Extra columns disappear. Only relevant data remains.

Saving Clean Data

Save the cleaned data back to Excel. Use save_as function.


# Save cleaned data to new Excel file
pe.save_as(array=final_data, dest_file_name="tidy_data.xlsx")
print("Clean data saved to tidy_data.xlsx")

The clean dataset saves successfully. It's ready for analysis.

Complete Cleaning Function

Combine all steps into one function. It handles the entire process.


def excel_to_tidy_table(file_path, output_path):
    """
    Convert messy Excel file to tidy data table
    """
    # Load data
    raw_data = pe.get_array(file_name=file_path)
    
    # Remove empty rows
    cleaned = remove_empty_rows(raw_data)
    
    # Handle missing values
    filled = handle_missing_values(cleaned)
    
    # Standardize types
    standardized = standardize_data_types(filled)
    
    # Remove extra columns
    final = remove_extra_columns(standardized)
    
    # Save result
    pe.save_as(array=final, dest_file_name=output_path)
    return final

# Use the complete function
tidy_data = excel_to_tidy_table("messy_data.xlsx", "clean_data.xlsx")
print("Complete cleaning process finished")
print(tidy_data)

This function automates the entire cleaning workflow.

Advanced pyexcel Features

pyexcel offers more advanced capabilities.

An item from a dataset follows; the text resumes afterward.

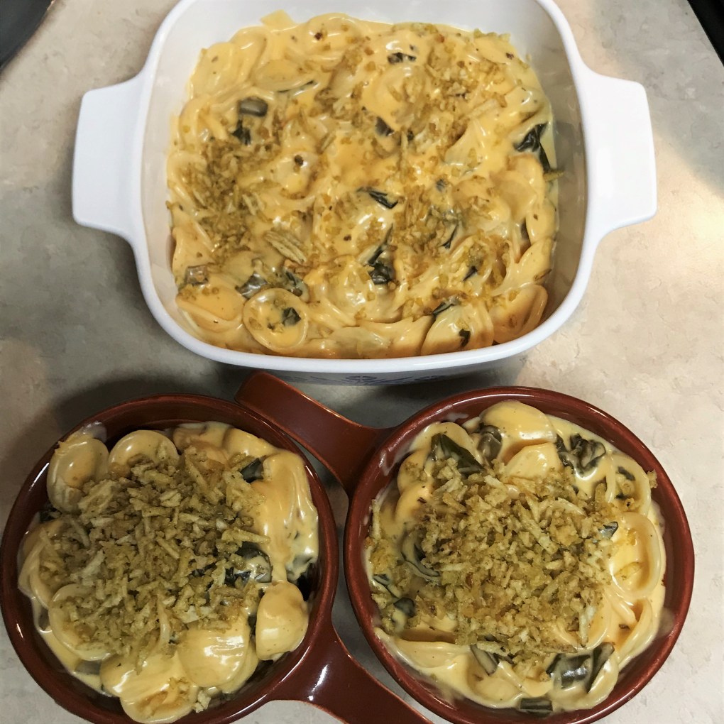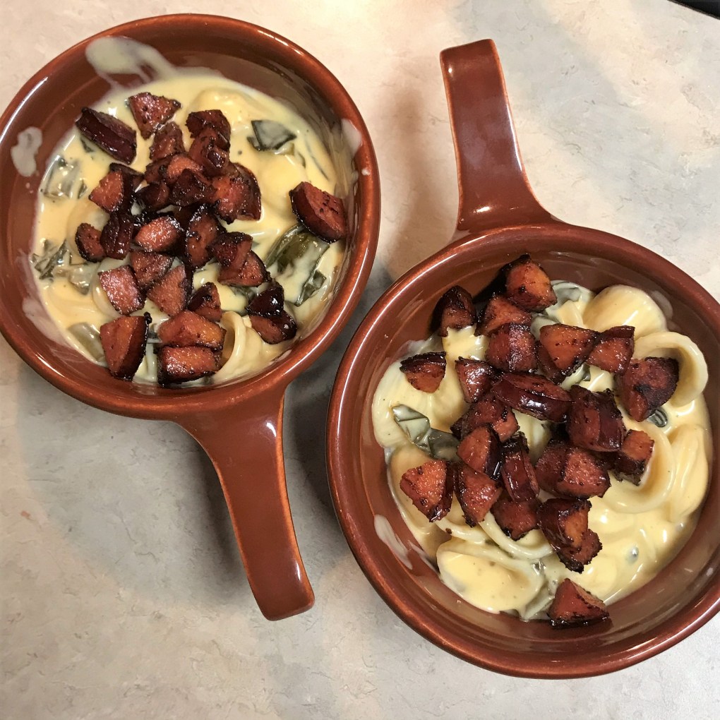 Kicked-up mac and cheese, baby. The sausage is cooked in smoke, so it has a nice firm texture, easy to cube and fry in a skillet until crispy. I’m inspired to add the collard greens because of a trip Les and I made to NYC in late 2018, and we took the subway up to Harlem for dinner at The Red Rooster, owned by celebrity chef Marcus Samuelsson. He has a popular dish on his menu called “mac and greens,” featuring (you guessed it) cooked collards.

You can batch process Excel files efficiently.

For complex data operations, consider loading Excel files into pandas.

Data validation is also important. Learn to validate spreadsheet structure types.

Best Practices

Always backup original files. Cleaning can't be undone.

Test cleaning steps on copies. Verify results carefully.

Document all transformations. Others need to understand changes.

Consistent data structure enables reliable analysis.

Conclusion

Python pyexcel transforms messy Excel data into tidy tables.

The process involves loading, cleaning, and saving data.

Remove empty rows and handle missing values properly.

Standardize data types and remove unnecessary columns.

Tidy data enables better analysis and decision making.

Start cleaning your Excel files with pyexcel today.